■ **INSTRUCTIONS FOR THE TASK**
Take the entries that follow and return exactly the lines from the one holding "Discover a rare" through the one holding "- PTransform:计", both included. Nothing else is needed.

■ **RECORDS SUPPLIED**
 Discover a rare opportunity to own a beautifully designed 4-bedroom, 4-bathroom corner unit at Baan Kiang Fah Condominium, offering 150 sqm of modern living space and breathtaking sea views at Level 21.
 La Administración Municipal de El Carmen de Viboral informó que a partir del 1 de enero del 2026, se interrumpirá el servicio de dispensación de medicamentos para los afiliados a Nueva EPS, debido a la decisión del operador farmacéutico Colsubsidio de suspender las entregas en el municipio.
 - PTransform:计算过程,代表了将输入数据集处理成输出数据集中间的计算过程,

* * *

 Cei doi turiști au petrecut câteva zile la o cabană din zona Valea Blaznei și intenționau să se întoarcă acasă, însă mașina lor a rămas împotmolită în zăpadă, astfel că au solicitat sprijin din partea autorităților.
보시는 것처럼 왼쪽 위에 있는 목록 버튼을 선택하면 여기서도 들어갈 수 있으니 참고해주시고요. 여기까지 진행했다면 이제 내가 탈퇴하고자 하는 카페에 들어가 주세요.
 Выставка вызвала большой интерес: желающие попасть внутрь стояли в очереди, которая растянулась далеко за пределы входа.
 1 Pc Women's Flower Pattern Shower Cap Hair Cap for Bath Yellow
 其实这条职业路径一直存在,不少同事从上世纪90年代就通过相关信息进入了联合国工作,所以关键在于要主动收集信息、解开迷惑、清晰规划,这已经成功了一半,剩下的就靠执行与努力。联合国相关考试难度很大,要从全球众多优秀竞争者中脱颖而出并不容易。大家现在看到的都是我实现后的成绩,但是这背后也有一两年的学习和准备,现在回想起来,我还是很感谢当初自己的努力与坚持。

■ **SOLUTION**
 Discover a rare opportunity to own a beautifully designed 4-bedroom, 4-bathroom corner unit at Baan Kiang Fah Condominium, offering 150 sqm of modern living space and breathtaking sea views at Level 21.
 La Administración Municipal de El Carmen de Viboral informó que a partir del 1 de enero del 2026, se interrumpirá el servicio de dispensación de medicamentos para los afiliados a Nueva EPS, debido a la decisión del operador farmacéutico Colsubsidio de suspender las entregas en el municipio.
 - PTransform:计算过程,代表了将输入数据集处理成输出数据集中间的计算过程,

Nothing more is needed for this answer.